[[ GIVEN INFORMATION open ]]
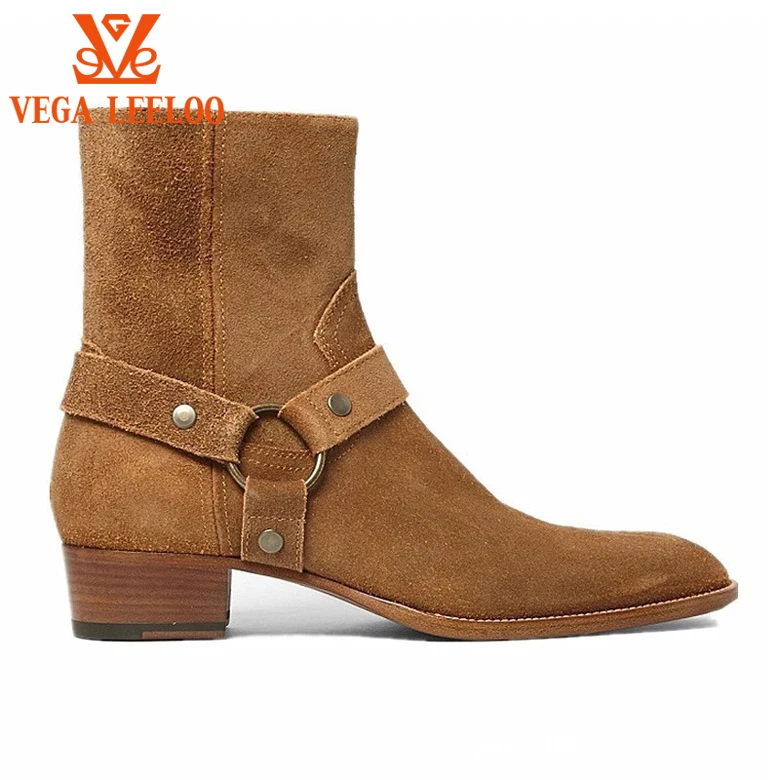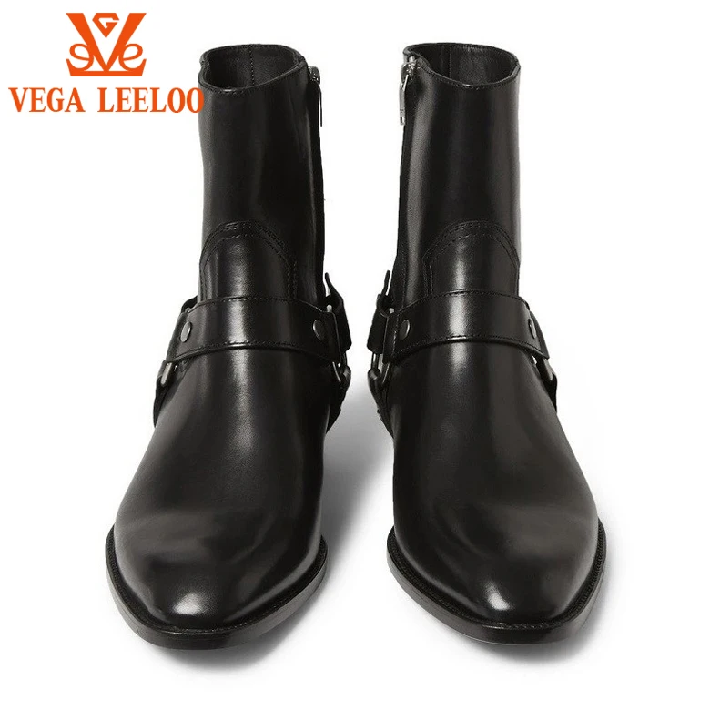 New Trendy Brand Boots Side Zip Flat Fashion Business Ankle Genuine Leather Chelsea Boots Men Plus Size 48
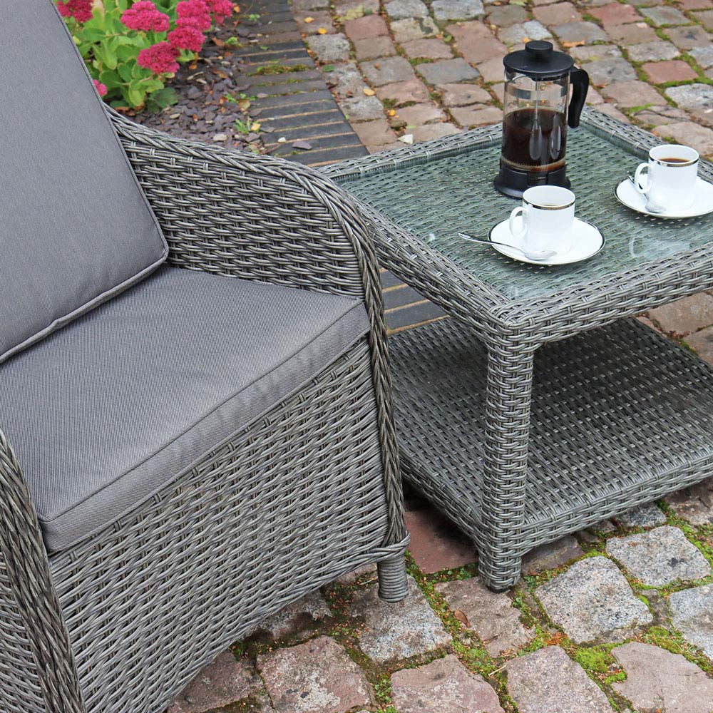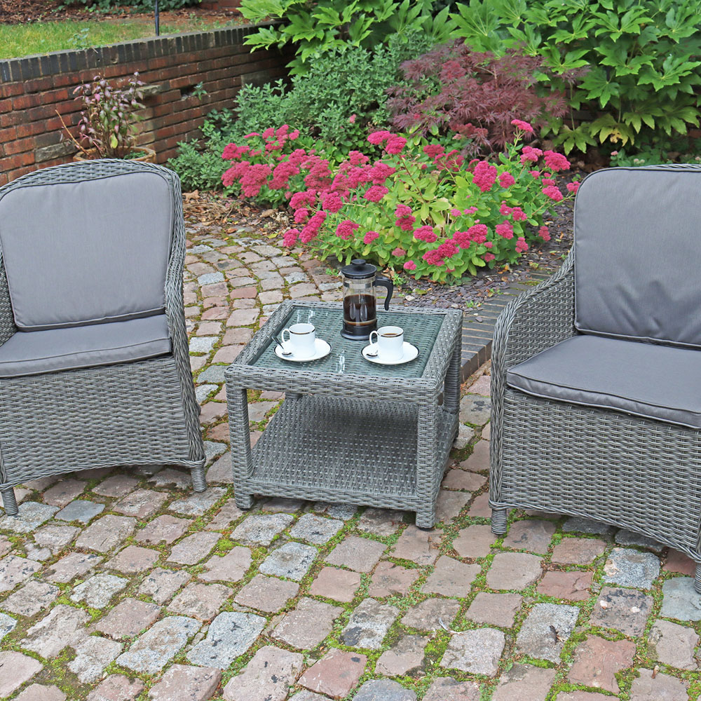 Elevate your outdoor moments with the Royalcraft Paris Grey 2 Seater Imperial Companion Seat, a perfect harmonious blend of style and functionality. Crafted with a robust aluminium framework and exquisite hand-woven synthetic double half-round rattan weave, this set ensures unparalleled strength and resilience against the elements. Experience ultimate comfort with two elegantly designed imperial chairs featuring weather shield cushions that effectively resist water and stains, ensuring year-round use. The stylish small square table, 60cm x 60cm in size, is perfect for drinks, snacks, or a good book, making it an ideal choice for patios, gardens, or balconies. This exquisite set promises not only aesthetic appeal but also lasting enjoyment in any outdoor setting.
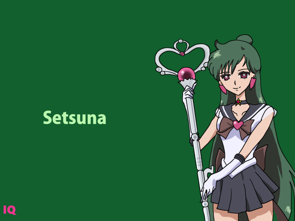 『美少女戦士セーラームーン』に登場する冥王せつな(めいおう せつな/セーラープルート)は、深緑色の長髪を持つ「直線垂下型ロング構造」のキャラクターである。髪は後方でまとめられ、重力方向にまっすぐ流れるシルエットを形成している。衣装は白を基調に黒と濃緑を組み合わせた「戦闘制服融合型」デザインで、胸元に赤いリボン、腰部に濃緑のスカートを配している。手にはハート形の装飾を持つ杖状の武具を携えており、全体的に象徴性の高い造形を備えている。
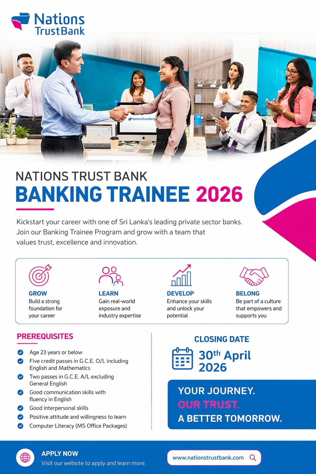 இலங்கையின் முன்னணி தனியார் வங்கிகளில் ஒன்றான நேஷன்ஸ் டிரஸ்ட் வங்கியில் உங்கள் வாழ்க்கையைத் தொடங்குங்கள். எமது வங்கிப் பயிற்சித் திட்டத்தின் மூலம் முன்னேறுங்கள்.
[[ GIVEN INFORMATION closed ]]
_REQUIRED WORK:_
The expected answer is the line with "Elevate your outdoor" followed by every remaining line of the listing, each restated exactly, with all pictures dropped.

_TASK ANSWER:_
 Elevate your outdoor moments with the Royalcraft Paris Grey 2 Seater Imperial Companion Seat, a perfect harmonious blend of style and functionality. Crafted with a robust aluminium framework and exquisite hand-woven synthetic double half-round rattan weave, this set ensures unparalleled strength and resilience against the elements. Experience ultimate comfort with two elegantly designed imperial chairs featuring weather shield cushions that effectively resist water and stains, ensuring year-round use. The stylish small square table, 60cm x 60cm in size, is perfect for drinks, snacks, or a good book, making it an ideal choice for patios, gardens, or balconies. This exquisite set promises not only aesthetic appeal but also lasting enjoyment in any outdoor setting.
 『美少女戦士セーラームーン』に登場する冥王せつな(めいおう せつな/セーラープルート)は、深緑色の長髪を持つ「直線垂下型ロング構造」のキャラクターである。髪は後方でまとめられ、重力方向にまっすぐ流れるシルエットを形成している。衣装は白を基調に黒と濃緑を組み合わせた「戦闘制服融合型」デザインで、胸元に赤いリボン、腰部に濃緑のスカートを配している。手にはハート形の装飾を持つ杖状の武具を携えており、全体的に象徴性の高い造形を備えている。
 இலங்கையின் முன்னணி தனியார் வங்கிகளில் ஒன்றான நேஷன்ஸ் டிரஸ்ட் வங்கியில் உங்கள் வாழ்க்கையைத் தொடங்குங்கள். எமது வங்கிப் பயிற்சித் திட்டத்தின் மூலம் முன்னேறுங்கள்.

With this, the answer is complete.